The Kandertal landslide was originally interpreted to have occurred 9,600 years ago, at a time where numerous giant landslides happened in the Austrian and Swiss Alps and a possibly earthquake-related group of landslides south of Kandersteg. More recent research in 2020 however implies that it actually occurred 3,210±220 years ago, at a time where a change on climate and an expansion of glaciers in the area of the landslide was taking place. Lake sediments indicate the occurrence of a large earthquake about 3,300 years ago, which, while not necessarily directly causing the landslide, may have destabilized the slopes that later failed.

===Oeschinensee===

While the Oeschinensee collapse was once considered to have been contemporaneous with the Kandertal avalanche, research published in 2018 indicates that it actually occurred only 2,300±1,200 years ago. The landslide took place just before historical times in Switzerland, but sediments in lakes have shown evidence of earthquakes during that time that could have caused the collapse. While glacial erosion that undercuts valley slopes is necessary to cause landslides, often additional triggers such as earthquakes are necessary to actually trigger the collapse.

It detached from the northwestern flank of the Doldenhorn mountain, reached the valley floor after about 20 seconds with a speed of about 65 m, where it was deflected by an earlier landslide deposit (probably from the Kandertal event). The slide crossed the Oeschinen valley and ran up the opposite slope and down the valley. After about one minute the collapse was complete.

The landslide left a conspicuous slide surface bordered by high cliffs. These cliffs reach heights of 80 m; the highest point lies at 2250 m elevation. Debris from the landslide covers an area of 1.1 km2 at the outlet of Oeschinensee and may extend below the lake surface. The deposits feature large boulders and hummocky topography. How the landscape looked like before the collapse is unclear but a volume of 0.046 km3 has been estimated on the basis of plausible reconstructions both of the source area and the landslide deposit. The landslide blocked the valley and created Oeschinen Lake, although it is possible that the earlier landslide left an earlier lake or swamp.

===Post-Oeschinensee collapses===

Lake sediments in Oeschinen Lake show evidence of turbidites, some of which could be related to collapses caused by earthquakes. A number of collapse scarps lie on the mountains surrounding the lake and could have been the source of landslides. At least six such collapses took place. Some of the collapses may have occurred in historical times; a flood from the lake in 1846 AD may have been caused by an unobserved landslide.

===Future collapses===

The headwalls of the Kandertal landslide are still unstable. In summer 2018 a volume of 0.02 km3 in the "Bim Spitze Stei" area between the Kandertal and Oeschinensee landslide detachment areas became noticeably unstable. Geophysical analyses have shown that there are a number of rock masses in motion, some of them containing warm permafrost, with most motion occurring in summer. As of 2021, the speed of the motion has increased with every year.

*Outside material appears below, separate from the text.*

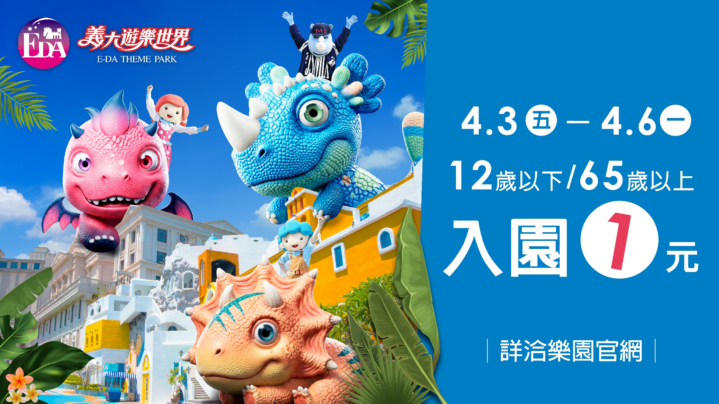 園方表示,4月3日至6日連假期間推出「三代童堂1元玩樂園」方案,民眾只要購買一張1080元全票,即可加購一張1元優惠票,適用對象為12歲以下兒童或65歲以上長者,鼓勵祖孫三代一同出遊,藉由優惠降低家庭旅遊門檻,帶動節慶人潮。

There are a number of scenarios for a future collapse of the Spitze Stei. Most of them would spare the Oeschinen lake and Kandersteg, but buildings close to the lake would be in danger. Landslides could dam local creeks and generate mudflows that can reach Kandersteg. As a consequence, the area below the Oeschinensee landslide scar has been closed off and dry dams were built above the village in 2021.

== Research history ==

The landslide deposits were originally interpreted as glacial deposits, before outcrops investigated during the construction of railroads led to the discovery of the Kandertal landslide in 1897 or 1909. Over the 20th and 21st century, different estimates on the number, ages, causes and volumes of the landslide deposits have been made. A major source of uncertainty is how to separate distinct landslide deposits; usually, the Oeschinensee landslide was considered a single event. The increased instability observed in summer 2018 led to an investigation of the detachment area, with drilling, satellite mapping and the installation of telemetry devices among other responses.